Konon Extravaganza tidak jauh berbeda dengan konsep Saturday Night Live. Program televisi yang telah bertahan puluhan tahun di televisi Amerika. Saturday Night Live yang banyak mencetak sosok-sosok mapan setelah meninggalkan program tersebut, sebutlah; Tina Fey kreator 30 Rock yang memenangkan Golden Globe, Ben Stiller (menyutradari Tropic Thunder, 2008), Adam Sandler, serta lusinan nama-nama lain.
Sepuluh tahun berlalu dan program-program komedi yang memilih menciptakan situasi lucu melalui ekspresi-aksi tengah mendominasi. Bukan maksud mengatakan bahwa komedi melalui kemampuan memainkan kata-kata hanyalah ciri Indonesia semata, komedi panggung, atau pelawak menceritakan lelucon-lelucon dengan hanya berbekal mikrofon di panggung kafe-kafe komedi, konon adalah tradisi yang dimulai di negeri Paman Sam. Sementara di Indonesia, pertunjukan ketoprak, ludruk atau wayang sah-sah saja disebut sebagai hiburan ‘komedi tempo doeloe’ yang sifatnya Indonesiana, yang berarti komedi dengan penekanan aksi sejak dahulu kala telah dipraktikkan di negara kita.

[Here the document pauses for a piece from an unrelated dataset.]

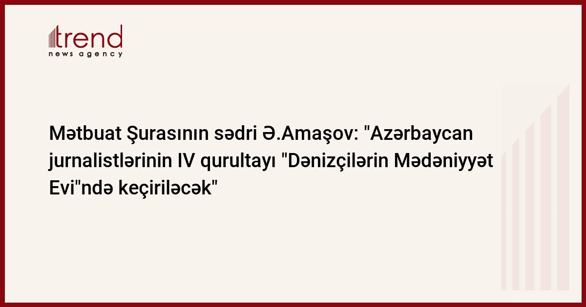 Dekabrın 23-ə təyin olunan Azərbaycan jurnalistlərinin dördüncü qurultayının keçiriləcəyi yer müəyyənləşib. Bu barədə Trend ə Azərbaycan Mətbuat Şurasının sədri Əflatun Amaşov məlumat verib.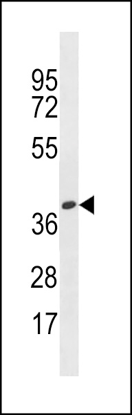 OR4X1 Antibody (N-term) (Cat. APR12575G) western blot analysis in HepG2 cell line lysates (35ug/lane).This demonstrates the OR4X1 antibody detected the OR4X1 protein (arrow). |

Inti masalah bukan mana yang mengikuti mana, atau pun mana yang lebih Indonesia, perkaranya, komedi dengan penekanan aksi-reaksi bila sudah terlalu sering digunakan bisa menyebabkan kelelahan serta membuat penonton merasa apa yang ditampilkan terasa terlalu dibuat-buat. Apalagi mengingat beberapa adegan yang diperlihatkan dalam program komedi masa kini, tampaknya menggunakan pola komedi yang bisa ditemui pada film-film Hollywood. Misalnya, penekanan ekspresi komedi pada Suami-Suami Takut Istri, adegan sengaja tak sengaja pada Tawa Sutra, sikap percaya diri berlebihan pada (ex) OB, dan tentu saja, satir teatrikal Extravaganza yang merupakan Saturday Night Live versi Indonesia.